In doing a number of ports of Ruby gems to R (vcr, webmockr), I’ve noticed a few differences between the languages that are fun to dive into, at least for me.

monkey patching

Ruby has a nice thing where you can “monkey patch” classes/methods/etc. in other Ruby libraries. For example, lets say you have Ruby gems foo and bar. If foo has a method hello, you can override the hello method in foo with one from bar. AFAICT this is acceptable in gems on Rubygems.org and in general in the community.

Monkey patching is technically possible in R, but is not allowed in packages on CRAN (see ?assignInNamespace help for the warnings), even though there is some usage in CRAN packages. We can do this using utils::assignInNamespace. Let’s say you have an R package foo and another R package bar. Here, we can assign a new hello method to the one already defined in foo:

# the foo::hello method looks like
hello <- function() return("world!")
# make a new hello method
hello2 <- function() return("mars!")
# override the hello method in foo
utils::assignInNamespace("hello", hello2, "foo")

Try it with any package. It’s fun.

You can do this in a package, by using a .onAttach directive.

.onAttach <- function(libname, pkgname) {
  utils::assignInNamespace("bar", bar, "foo")
}

Anyway, monkey patching isn’t really a thing in R, so that makes it more difficult to port Ruby things to R. The inability to do this in R makes many things much harder. For example, in vcr and webmockr I couldn’t simply override methods in http libraries they hook into, but have to make changes in the http libraries themselves to support the HTTP mocking - we get there in the end, but it takes much longer, though possibly safer?

0 (Ruby) vs. 1 (R) based indexing

Never hurts to keep repeating this.

sequences

Ruby has the ability to construct numeric sequences with .. and ..., e.g.,

# inclusive of second number
x = 1..3
x.to_a
=>  [1, 2, 3]
# exclusive of second number
x = 1...3
x.to_a
=>  [1, 2]

AFAIK, in R we can only do inclusive sequences

1:3
#> [1] 1 2 3

explicit imports

In at least Ruby and Python you have to be explicit about saying where to import methods from other files.
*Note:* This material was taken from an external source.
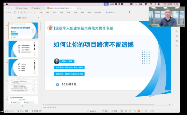 2025年7月31日下午,蚌埠市第五届退役军人创业创新大赛第一次线上能力提升培训正式举办。大赛组委会江淮创业研究院特邀宁波乾祥天检测技术有限公司董事长、创业大赛国赛评委忻志伟,中国创业培训讲师朱琰,分别从创业计划书与撰写要点,与项目路演PPT的制作与技巧,对所有报名参赛的项目进行专项能力提升。

Whereas in R you can just use a function/etc. from any other file in the package without stating that you need it. This makes it harder to reason about the dependent functions/etc. needed in any one file. One tool that helps with this is functionMap (though last commit in 2016, not sure if maintained anymore, is it Gábor?).

On a related note, in Ruby we can use global variables like:

$foo = 5

From what I understand the above is bad pratice, but I do use them sometimes in my own Ruby stuff.

In R all variables/methods/classes are “global” within the namespace of the package.

adding strings

ugh, I wish R had the ability to add strings together with +.

? as a valid character

um, yes please. I love methods in Ruby like nil?, empty?, etc. Such a straight-forward way to indicate intent. Wish we had these in R, but ? isn’t even a valid character on its own, so not (ever?) gonna happen.

Classes

R’s closest class system to Ruby (that I’m willing to use) is R6 from Winston Chang. Using R6 makes it a bit easier to port from Ruby or a similar language as you can directly translate classes that have public vs. private methods, an initializer, print method, etc. Plus, with any sufficiently complex R package, using R6 makes it much easier to manage the complexity.

Ruby’s ||=

In ruby this operator means essentially “if a is undefined or falsey, evaluate b and set a to the result”. In R there’s AFAIK nothing like this. ||= was used extensively in the Ruby gems I was porting, making the ported version in R more verbose. I could do in R a %||% b (where %||% = function(x, y) if (is.null(x) || !x) y else x) essentially doing “if a is null, undefined or falsey, evaluate b”; but then I have to still assign the result, giving a = a %||% b.

splat args

The splat operator is used heavily in Ruby. It looks like:

def foo(*args)
  p args
end
foo(1, 2, 3)
# => [1, 2, 3]

In R the most similar thing we have is the ellipsis, so

foo <- function(...) c(...)
foo(1, 2, 3)
#> [1] 1 2 3

Ruby splat args won’t trip you up if you know how to do this conversion. Of course there’s rlang and such in R as well.